Manuel da Fonseca - um grande escritor



Para Manuel da Fonseca, a literatura era um sonho de viver. 

Por Baptista-Bastos|00:30

Recordo muitas vezes o meu amigo, o seu sorriso triste, a palavra rápida, a percepção imediata das coisas, a coragem inaudita; e, também, a sua abalada ternura pelos companheiros, as melancólica confissões. Manuel da Fonseca, um dos maiores escritores de sempre da literatura portuguesa, o mais felino dos sarcastas e o mais generoso dos amigos. 

Havia, nele, a placidez dos grandes sonhos e a nobreza de olhar os camaradas com o respeito que eles, muitas vezes, não mereciam. Para ele, a literatura era um sonho de viver, e feria-o quando, aparentemente, o ignoravam. Passou, há dias, o aniversário da sua morte, recolhido ao Alentejo que escrevera como ninguém, num fulgor magoado e com o olhar enevoado de desgostos. 

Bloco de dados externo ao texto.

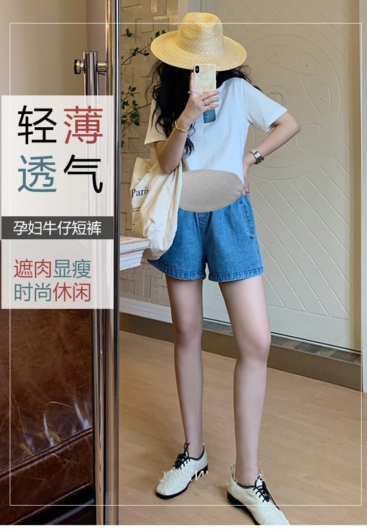 2025 Summer Thin Maternity Pants Plus Size Denim Shorts Loose and Stylish Slimming Wide-Leg Pants Fashionable Outerwear Mid-Length Pants

‘O Fogo e as Cinzas’, admirável livro de contos, cuja organização se deve a Carlos de Oliveira, à mulher deste, Maria Ângela de Oliveira, e a José Gomes Ferreira, é um trabalho de amor e uma doação ao espírito daqueles tempos. Outros grandes títulos do grande autor; ‘Seara de Vento’, ‘Cerromaior’, filmado por Luís Filipe Rocha com a paixão devida, e outros mais. 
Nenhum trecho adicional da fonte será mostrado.